Posted 14 August 2014
by Simon Sanger-Anderson

Tozers employment law newsletter – summer 2014

References and probationary periods Two recent surveys have highlighted the risk of candidates providing fake references and the fact that a large number of staff fail their probationary periods. This suggests that employers may need to review their procedures for checking references and for assessing probationary periods. The Federation of Small Businesses and BBC1’s Fake Britain worked together on a survey of 1,800 small firms and found that nearly one in five (17%) had discovered candidates with fraudulent references. According to an article in The Telegraph, another recent survey by Spring Personnel has found that almost one in five new employees fail to get past their probationary period or have their time on trial extended. Poor performance and absence were the most common reasons for a failure to pass. We have a range of materials to help you keep up to date with these issues including:

  • Checklist, Recruitment.
  • Employee reference
  • Disciplinary procedure: Employees on probation.
  • Implied terms: probationary periods.
  • Guidance note – can an employer dismiss an employee during their probationary period without following its disciplinary procedure?

Constructive dismissal: employee affirmed contract by giving far more notice than was contractually required

The EAT has held that an employee who gave much longer notice than was contractually required had affirmed his contract. He had therefore waived his right to claim constructive dismissal. The EAT emphasised that the question of whether a contract has been affirmed or terminated following an employer’s fundamental breach of contract is fact-sensitive. In this case, an employment judge was entitled to find that the giving of long notice, which had been for the employee’s own financial gain, had the effect of affirming the contract. In upholding the judge’s decision, the EAT clarified that it is possible for an employee to affirm their contract even after they have resigned in response to a repudiatory breach.

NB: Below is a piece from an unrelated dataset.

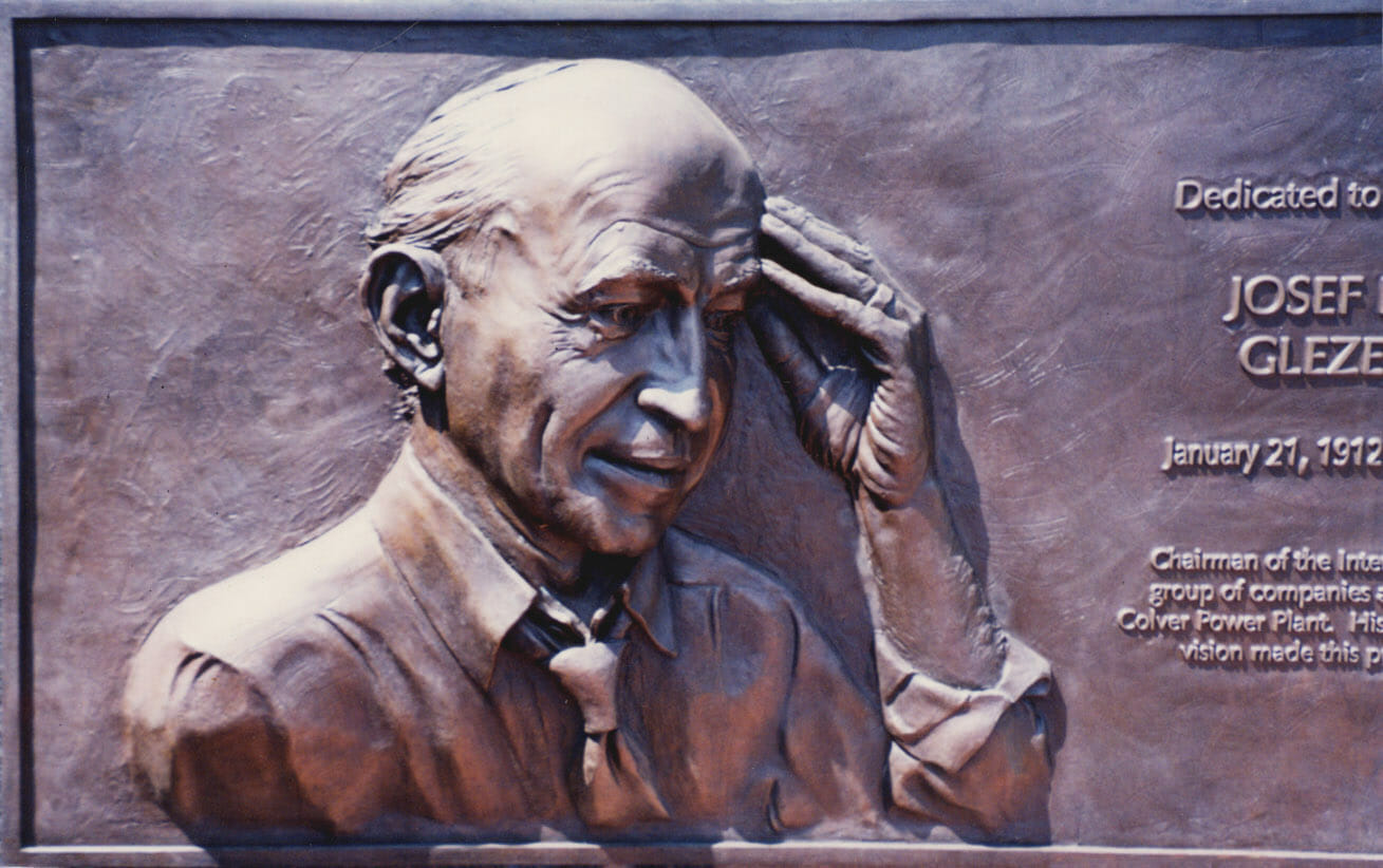 Josef Glezerman was chairman of a private water utility company. In this bronze relief, he is represented in a reflective pose.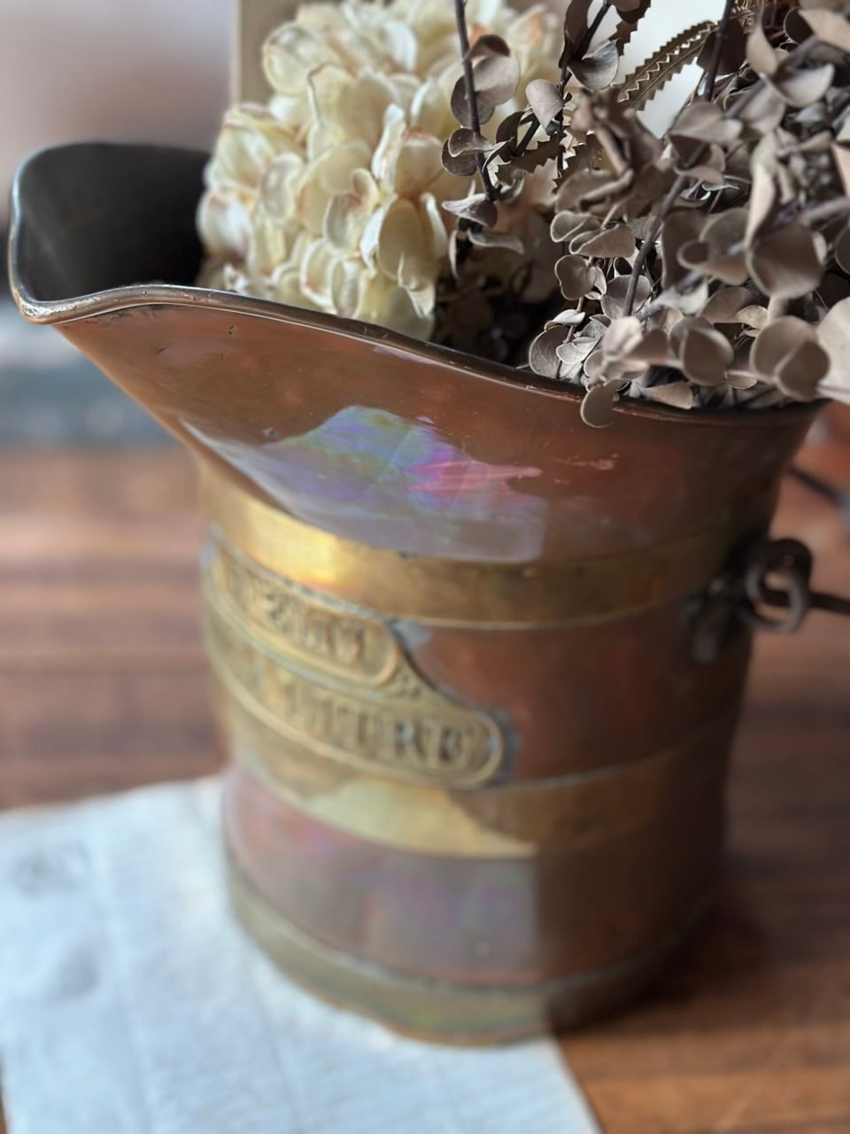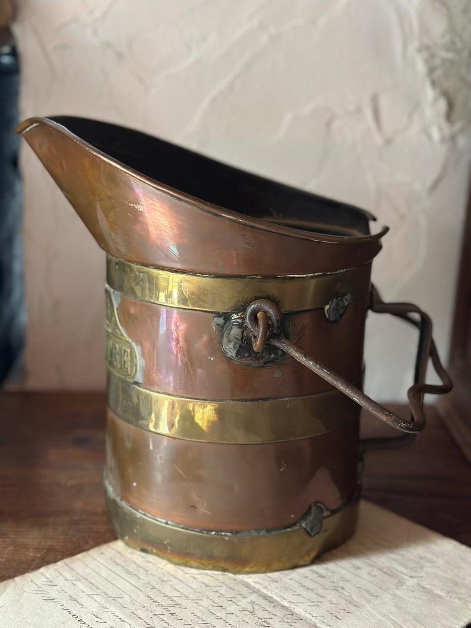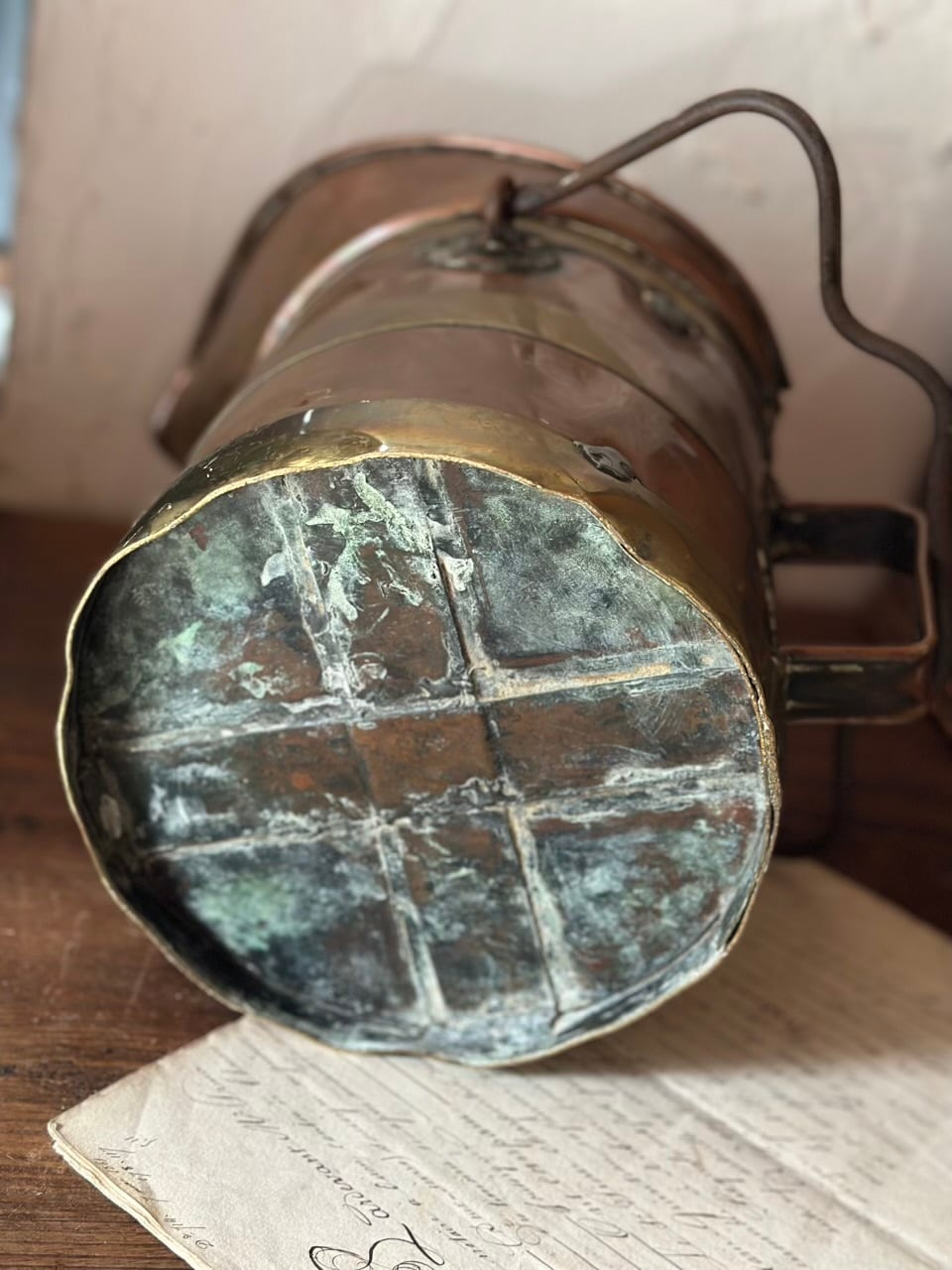 銅の温かみのある輝きと、真鍮の装飾的なラインが織りなすコントラストは、まさにフランス・アンティークの王道。前面に誇らしげに掲げられたエンボス文字も素敵ですね。

Statutory holiday pay should include a sum in respect of commission

The ECJ has held that, where a worker’s remuneration includes contractual commission, determined with reference to sales achieved, the Working Time Directive precludes a national law that calculates statutory holiday pay based on basic salary alone. If commission payments are not taken into account, the worker will be placed at a financial disadvantage when taking statutory annual leave as no commission will be generated during the holiday period. In such circumstances, the worker might be deterred from exercising the right to annual leave. This would be contrary to the directive’s purpose. This case was referred to the ECJ by the Leicester employment tribunal. The tribunal recognised that, under the natural wording of the Working Time Regulations 1998 and the week’s pay provisions of the Employment Rights Act 1996, the claimant was not entitled to a sum in respect of commission in his holiday pay. The case is now likely to return to the tribunal to consider whether the domestic legislation can be interpreted in line with the ECJ’s decision and, if it can, the level of holiday pay to which the claimant was entitled.

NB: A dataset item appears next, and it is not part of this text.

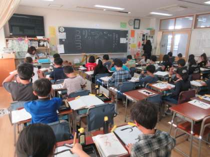 20日(水)の3・4時間目、3年3組は習字の時間でした。ひらがなで「つり」と書きました。今回は文字の「丸み」を意識して練習をしました。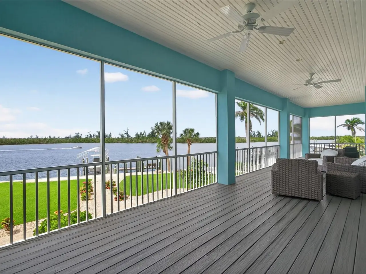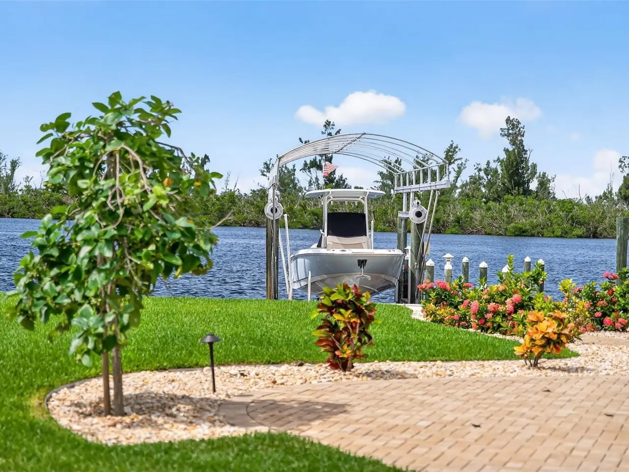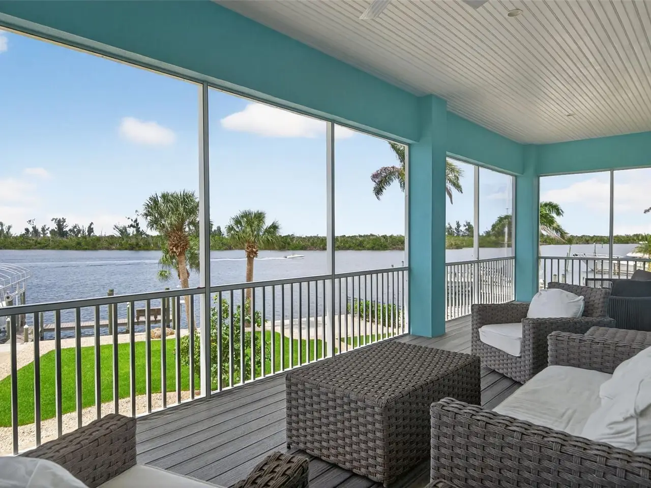 Built in 2020, this superbly crafted, luxury waterfront residence is perfectly positioned on 126 feet of prime Intracoastal Waterway frontage. Set on about .6 acres of impeccably landscaped grounds in the quiet Vanderbilt developed neighborhood of Cape Haze, with streets lined with towering banyan trees, the property enjoys a secluded old Florida setting. The residence offers the best of both worlds, with large vessel dockage at your back door and absolutely spectacular bay views, stretching to the Boca Grande bridge, Little Gasparilla Island and beyond. The nearly new home was built by an elite local builder, Jeb Bergeron Custom Homes. Designed and constructed to the highest coastal construction standards, with concrete tapered pilings, poured concrete beams, concrete block, thoroughly elevated, high-impact resistant windows and sliders, metal roofing, and a whole house generator provides lasting quality and more peace of mind. Inside the 4,241 total square foot home there's 3 bedrooms and 3.5 baths, each with a private en-suite, a grand open and elegant layout with light filled spaces, tall 11-foot+ vaulted beamed ceilings, that fully opens up and savors the mesmerizing nautical views. The chef's kitchen combines luxury and function with custom cabinetry, stone counter tops, a Wolf gas range, Sub-Zero refrigerator, and a beautifully crafted island. Other custom features include crown molding, case windows, solid core doors, beautifully tiled bathrooms, tankless gas water heater, premium plumbing and lighting fixtures. Outdoor living is equally impressive, with an immense screened second floor porch and ground level patio that run the entire length of the home. A stunning swimming pool and spa, paver patio and walkways, a large outdoor kitchen and bar, complete with a built-in gas grill, perfect for waterfront lounging and entertaining. An absolute boater's and fisherman's dream with world-class fishing waters and legendary boat destinations at your fingertips. Just a few steps to step onto your boat and within minutes be fishing for tarpon, back country or be in the Gulf headed for an offshore catch. Or take the guests on relaxing day trip adventures to an endless number of destinations including Boca Grande, Cabbage Key, Useppa, Captiva, Bokeelia, and Sanibel. The Cape Haze Property Owner's Association private dock and beach along with the Don Pedro Island State Park are just across the Waterway where gorgeous uninhabited beaches await.

Flexible Working Regulations 2014

The Flexible Working Regulations 2014 came into force on 30 June 2014 when the amended right to request flexible working takes effect. Under the new regulations:

  • A request for flexible working must be made in writing, be dated and state whether the employee has previously made a request and, if so, when (regulation 4).
  • A request is made on the day it is received by the employer with provisions in respect of electronic, post and personal delivery (regulation 5).
  • The Flexible Working (Eligibility, Complaints and Remedies) Regulations 2002 (SI 2002/3236) will be revoked in respect of requests for flexible working made on or after 30 June 2014. The requirement for 26 weeks’ continuous service to make a request and provision for compensation of up to eight weeks’ pay for breach of the statutory scheme will be provided by regulations 3 and 6 of the 2014 Regulations.

Tozers has produced a guidance note covering in more detail the operational detail of the new Regulations. Contact us for a copy.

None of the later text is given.